**What the task requires**
Write out the line with "建筑面积为15662.3㎡,其中地下车库" and every later line through the end of the data below, exactly as given, with no pictures in the copy.

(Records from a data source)
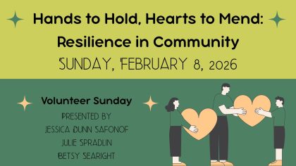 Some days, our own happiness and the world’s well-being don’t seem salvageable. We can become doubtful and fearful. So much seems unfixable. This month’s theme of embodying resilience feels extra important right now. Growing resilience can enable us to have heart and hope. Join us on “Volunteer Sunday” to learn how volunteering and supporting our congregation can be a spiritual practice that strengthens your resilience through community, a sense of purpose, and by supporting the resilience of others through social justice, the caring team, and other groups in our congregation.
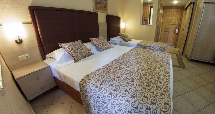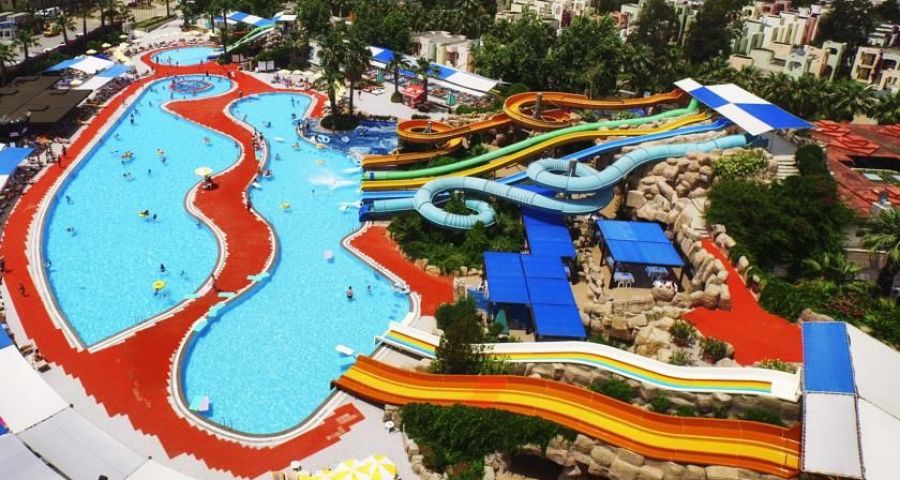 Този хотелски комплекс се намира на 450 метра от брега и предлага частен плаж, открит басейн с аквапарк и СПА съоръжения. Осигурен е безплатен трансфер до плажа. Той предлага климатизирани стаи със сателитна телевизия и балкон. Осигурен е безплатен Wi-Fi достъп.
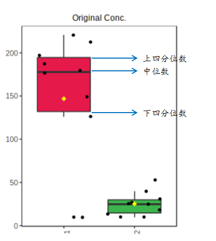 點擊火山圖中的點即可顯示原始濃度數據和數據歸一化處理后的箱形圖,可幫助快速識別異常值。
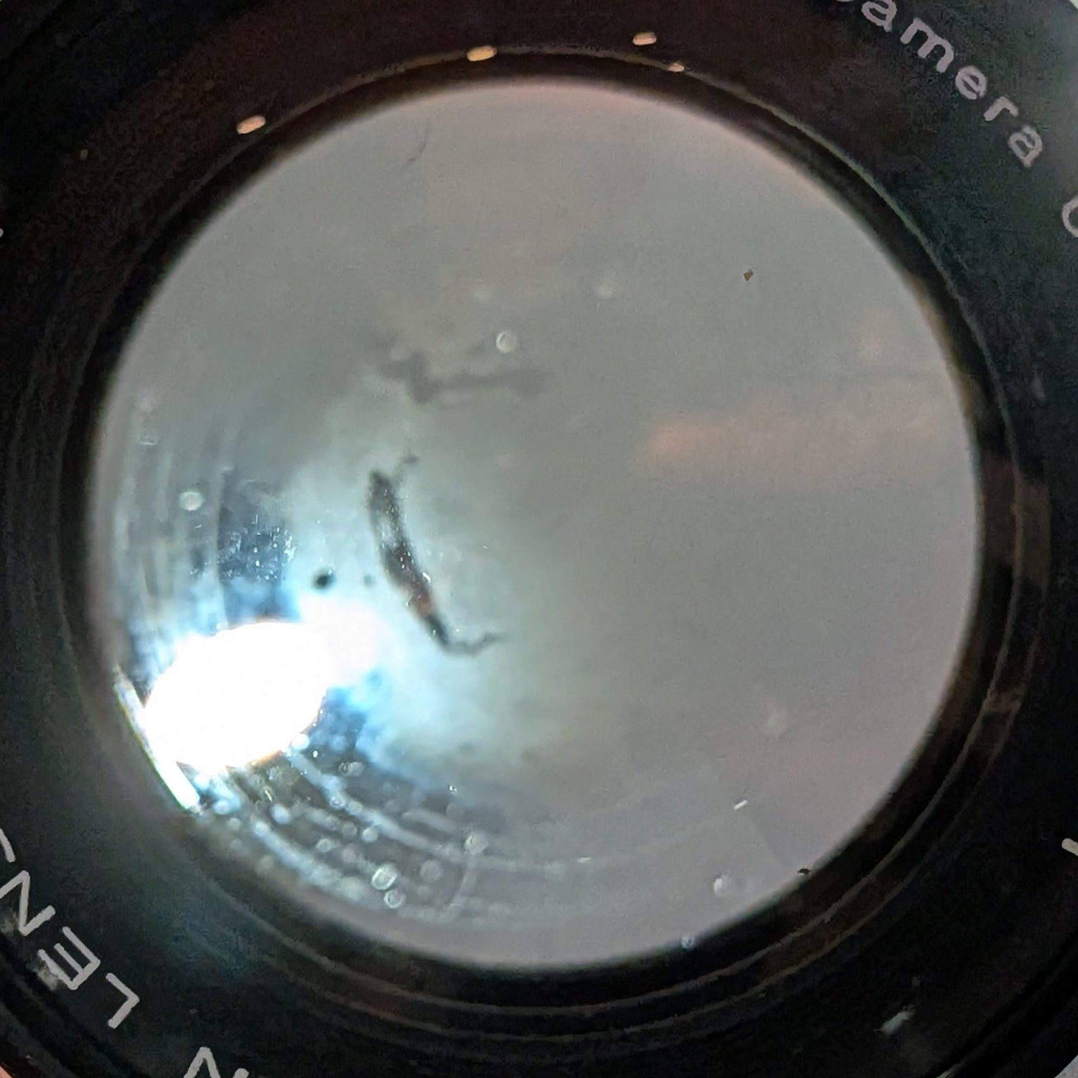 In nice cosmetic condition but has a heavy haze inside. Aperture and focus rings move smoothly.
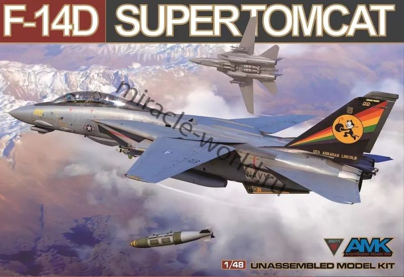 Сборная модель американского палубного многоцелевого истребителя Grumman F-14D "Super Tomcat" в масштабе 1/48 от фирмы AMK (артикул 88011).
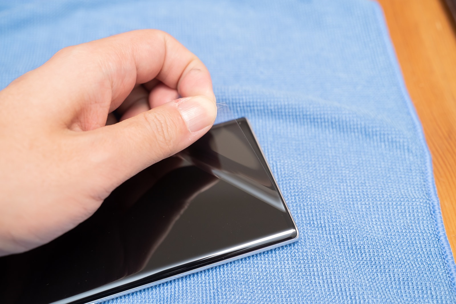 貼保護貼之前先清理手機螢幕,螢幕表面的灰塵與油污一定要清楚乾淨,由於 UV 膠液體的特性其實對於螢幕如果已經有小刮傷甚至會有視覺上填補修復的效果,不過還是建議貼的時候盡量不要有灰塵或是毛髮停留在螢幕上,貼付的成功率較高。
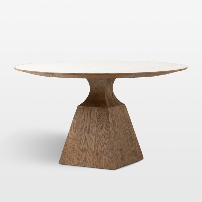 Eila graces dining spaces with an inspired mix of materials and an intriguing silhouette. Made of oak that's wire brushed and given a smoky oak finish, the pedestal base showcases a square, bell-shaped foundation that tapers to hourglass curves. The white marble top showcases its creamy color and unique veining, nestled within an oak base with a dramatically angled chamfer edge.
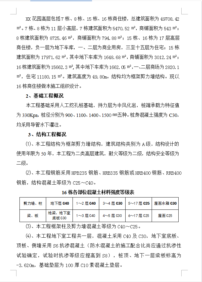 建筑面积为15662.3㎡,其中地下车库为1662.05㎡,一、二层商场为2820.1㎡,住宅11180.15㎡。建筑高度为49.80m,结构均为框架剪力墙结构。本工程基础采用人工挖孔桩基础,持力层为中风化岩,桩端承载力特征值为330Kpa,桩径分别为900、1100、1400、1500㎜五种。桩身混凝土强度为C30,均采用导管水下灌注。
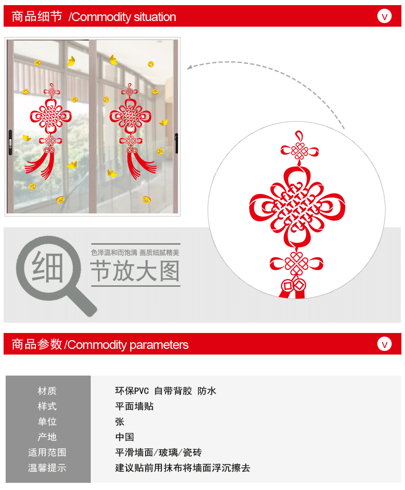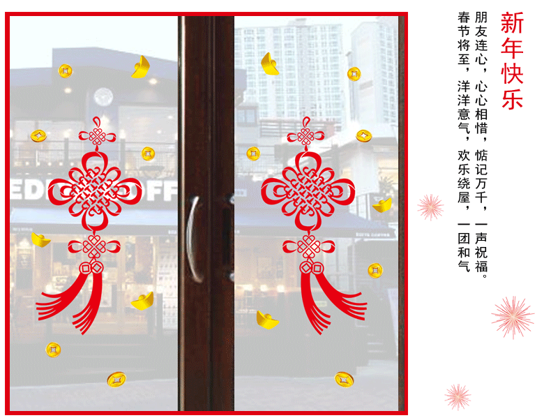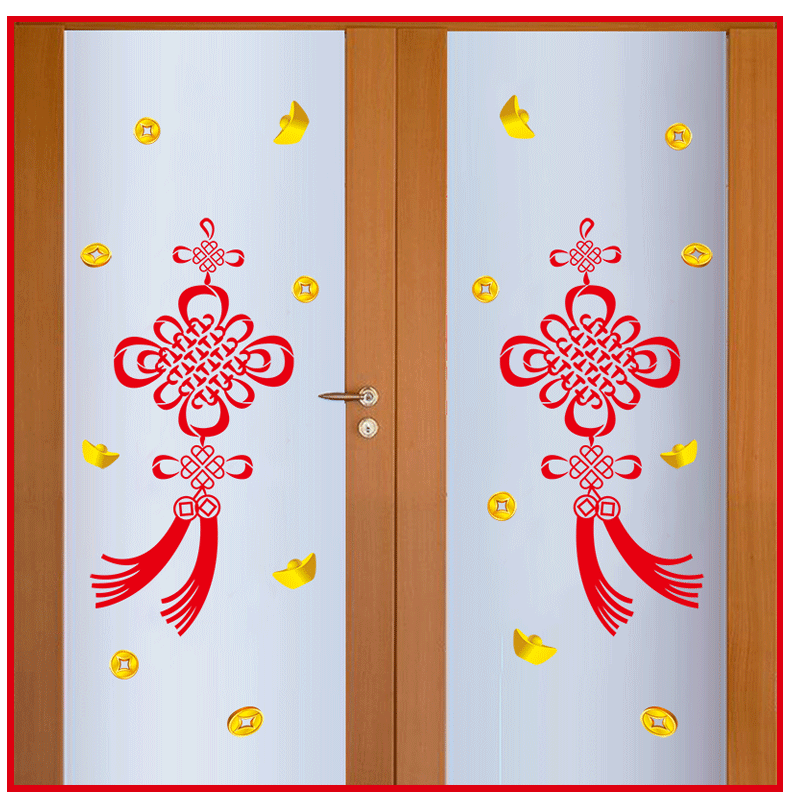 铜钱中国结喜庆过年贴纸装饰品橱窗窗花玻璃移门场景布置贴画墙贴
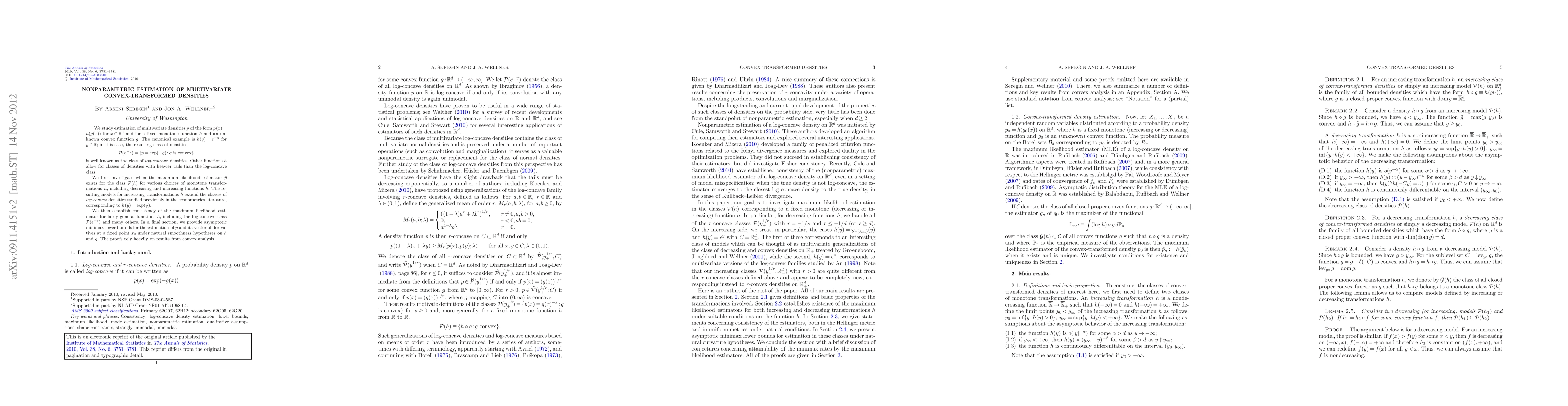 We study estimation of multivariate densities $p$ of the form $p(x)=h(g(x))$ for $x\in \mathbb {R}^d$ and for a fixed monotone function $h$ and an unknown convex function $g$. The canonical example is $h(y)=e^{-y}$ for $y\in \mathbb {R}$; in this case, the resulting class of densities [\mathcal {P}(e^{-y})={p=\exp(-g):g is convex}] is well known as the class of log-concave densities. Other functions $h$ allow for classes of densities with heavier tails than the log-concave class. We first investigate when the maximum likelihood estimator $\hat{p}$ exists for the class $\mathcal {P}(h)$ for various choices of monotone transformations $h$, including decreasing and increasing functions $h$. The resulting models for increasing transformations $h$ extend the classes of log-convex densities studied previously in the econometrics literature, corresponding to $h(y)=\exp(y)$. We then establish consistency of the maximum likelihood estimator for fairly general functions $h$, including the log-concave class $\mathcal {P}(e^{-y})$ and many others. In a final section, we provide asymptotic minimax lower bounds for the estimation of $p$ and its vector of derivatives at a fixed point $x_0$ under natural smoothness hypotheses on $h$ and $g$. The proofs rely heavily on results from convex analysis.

**Result of the exercise**
 建筑面积为15662.3㎡,其中地下车库为1662.05㎡,一、二层商场为2820.1㎡,住宅11180.15㎡。建筑高度为49.80m,结构均为框架剪力墙结构。本工程基础采用人工挖孔桩基础,持力层为中风化岩,桩端承载力特征值为330Kpa,桩径分别为900、1100、1400、1500㎜五种。桩身混凝土强度为C30,均采用导管水下灌注。
 铜钱中国结喜庆过年贴纸装饰品橱窗窗花玻璃移门场景布置贴画墙贴
 We study estimation of multivariate densities $p$ of the form $p(x)=h(g(x))$ for $x\in \mathbb {R}^d$ and for a fixed monotone function $h$ and an unknown convex function $g$. The canonical example is $h(y)=e^{-y}$ for $y\in \mathbb {R}$; in this case, the resulting class of densities [\mathcal {P}(e^{-y})={p=\exp(-g):g is convex}] is well known as the class of log-concave densities. Other functions $h$ allow for classes of densities with heavier tails than the log-concave class. We first investigate when the maximum likelihood estimator $\hat{p}$ exists for the class $\mathcal {P}(h)$ for various choices of monotone transformations $h$, including decreasing and increasing functions $h$. The resulting models for increasing transformations $h$ extend the classes of log-convex densities studied previously in the econometrics literature, corresponding to $h(y)=\exp(y)$. We then establish consistency of the maximum likelihood estimator for fairly general functions $h$, including the log-concave class $\mathcal {P}(e^{-y})$ and many others. In a final section, we provide asymptotic minimax lower bounds for the estimation of $p$ and its vector of derivatives at a fixed point $x_0$ under natural smoothness hypotheses on $h$ and $g$. The proofs rely heavily on results from convex analysis.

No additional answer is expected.